▶ WORK TASK:
Carry over every entry exactly as written, though not the pictures it contains.

▶ RECORDS FOR THE TASK:
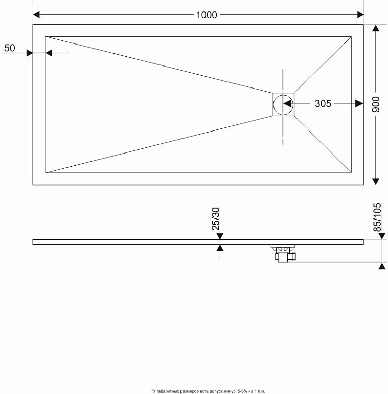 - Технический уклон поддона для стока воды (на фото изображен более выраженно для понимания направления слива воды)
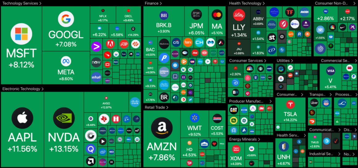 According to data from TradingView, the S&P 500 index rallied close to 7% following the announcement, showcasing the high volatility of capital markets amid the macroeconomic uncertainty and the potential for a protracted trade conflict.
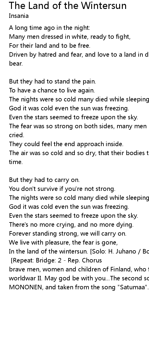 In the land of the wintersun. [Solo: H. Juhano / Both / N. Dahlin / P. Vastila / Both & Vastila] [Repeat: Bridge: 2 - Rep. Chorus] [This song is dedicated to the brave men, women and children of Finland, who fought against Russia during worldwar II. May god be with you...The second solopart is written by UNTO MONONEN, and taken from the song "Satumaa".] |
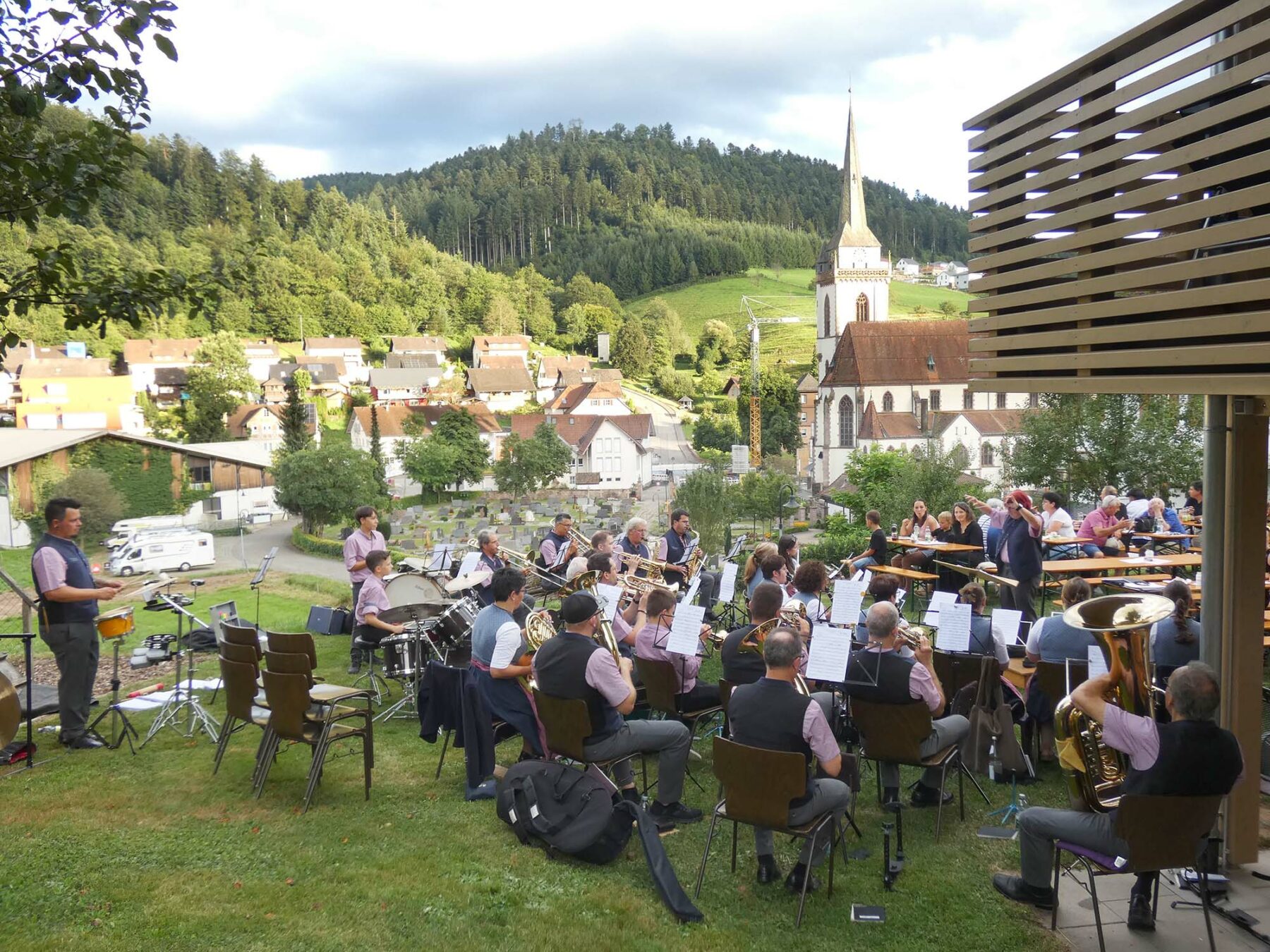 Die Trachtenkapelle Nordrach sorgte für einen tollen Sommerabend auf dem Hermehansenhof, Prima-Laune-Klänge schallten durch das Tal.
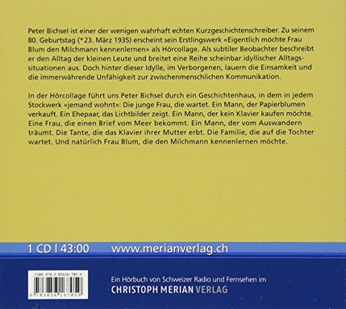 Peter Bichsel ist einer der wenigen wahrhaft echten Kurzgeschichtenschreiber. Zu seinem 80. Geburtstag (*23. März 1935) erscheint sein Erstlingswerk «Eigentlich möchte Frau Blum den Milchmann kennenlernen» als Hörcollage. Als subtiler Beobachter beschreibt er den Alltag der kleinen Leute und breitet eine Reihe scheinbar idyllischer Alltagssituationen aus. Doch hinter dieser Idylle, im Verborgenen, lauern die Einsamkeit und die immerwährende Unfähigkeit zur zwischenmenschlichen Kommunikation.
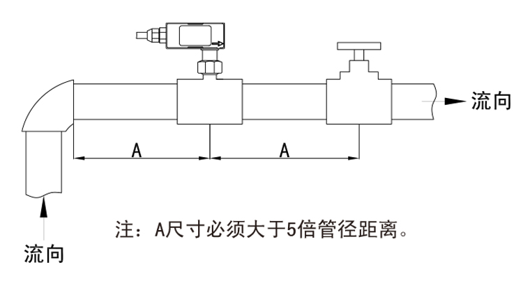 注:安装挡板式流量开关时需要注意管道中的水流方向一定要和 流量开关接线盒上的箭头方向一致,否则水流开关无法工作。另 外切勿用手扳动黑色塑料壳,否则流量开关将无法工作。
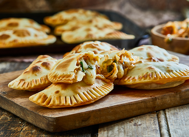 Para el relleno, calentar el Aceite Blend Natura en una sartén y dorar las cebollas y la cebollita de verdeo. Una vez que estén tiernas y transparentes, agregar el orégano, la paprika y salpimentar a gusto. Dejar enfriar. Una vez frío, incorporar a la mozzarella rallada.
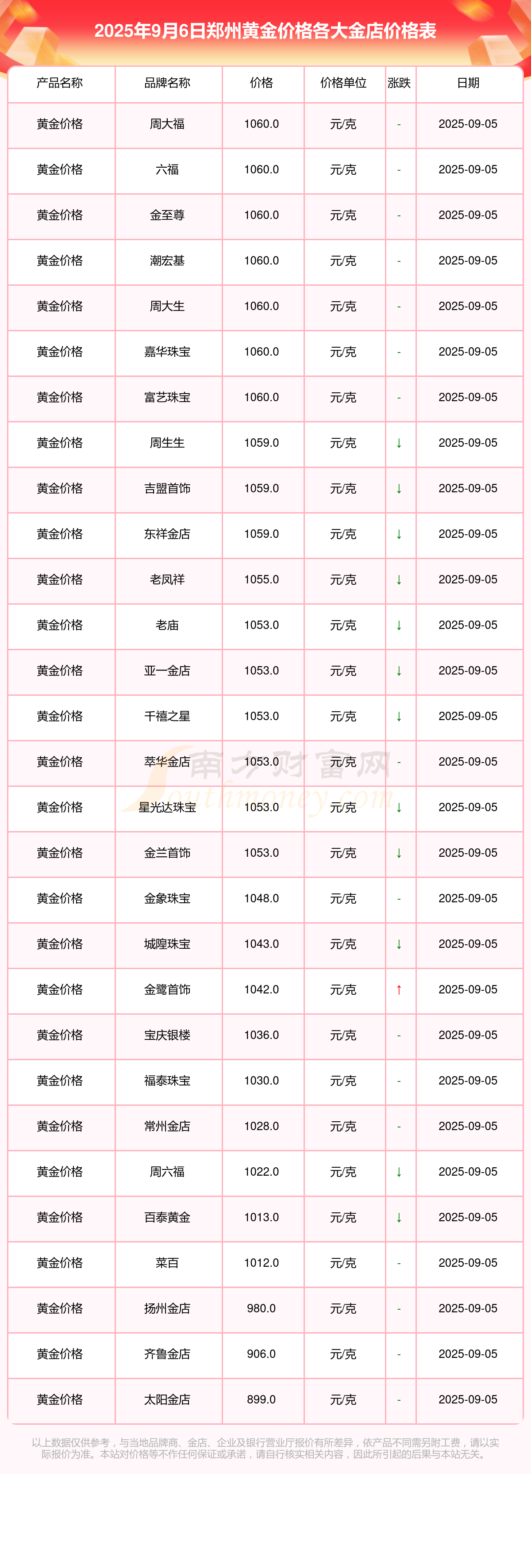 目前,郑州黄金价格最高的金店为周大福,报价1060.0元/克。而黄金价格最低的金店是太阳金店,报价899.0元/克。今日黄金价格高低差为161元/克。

▶ TASK RESULT:
 - Технический уклон поддона для стока воды (на фото изображен более выраженно для понимания направления слива воды)
 According to data from TradingView, the S&P 500 index rallied close to 7% following the announcement, showcasing the high volatility of capital markets amid the macroeconomic uncertainty and the potential for a protracted trade conflict.
 In the land of the wintersun. [Solo: H. Juhano / Both / N. Dahlin / P. Vastila / Both & Vastila] [Repeat: Bridge: 2 - Rep. Chorus] [This song is dedicated to the brave men, women and children of Finland, who fought against Russia during worldwar II. May god be with you...The second solopart is written by UNTO MONONEN, and taken from the song "Satumaa".] |
 Die Trachtenkapelle Nordrach sorgte für einen tollen Sommerabend auf dem Hermehansenhof, Prima-Laune-Klänge schallten durch das Tal.
 Peter Bichsel ist einer der wenigen wahrhaft echten Kurzgeschichtenschreiber. Zu seinem 80. Geburtstag (*23. März 1935) erscheint sein Erstlingswerk «Eigentlich möchte Frau Blum den Milchmann kennenlernen» als Hörcollage. Als subtiler Beobachter beschreibt er den Alltag der kleinen Leute und breitet eine Reihe scheinbar idyllischer Alltagssituationen aus. Doch hinter dieser Idylle, im Verborgenen, lauern die Einsamkeit und die immerwährende Unfähigkeit zur zwischenmenschlichen Kommunikation.
 注:安装挡板式流量开关时需要注意管道中的水流方向一定要和 流量开关接线盒上的箭头方向一致,否则水流开关无法工作。另 外切勿用手扳动黑色塑料壳,否则流量开关将无法工作。
 Para el relleno, calentar el Aceite Blend Natura en una sartén y dorar las cebollas y la cebollita de verdeo. Una vez que estén tiernas y transparentes, agregar el orégano, la paprika y salpimentar a gusto. Dejar enfriar. Una vez frío, incorporar a la mozzarella rallada.
 目前,郑州黄金价格最高的金店为周大福,报价1060.0元/克。而黄金价格最低的金店是太阳金店,报价899.0元/克。今日黄金价格高低差为161元/克。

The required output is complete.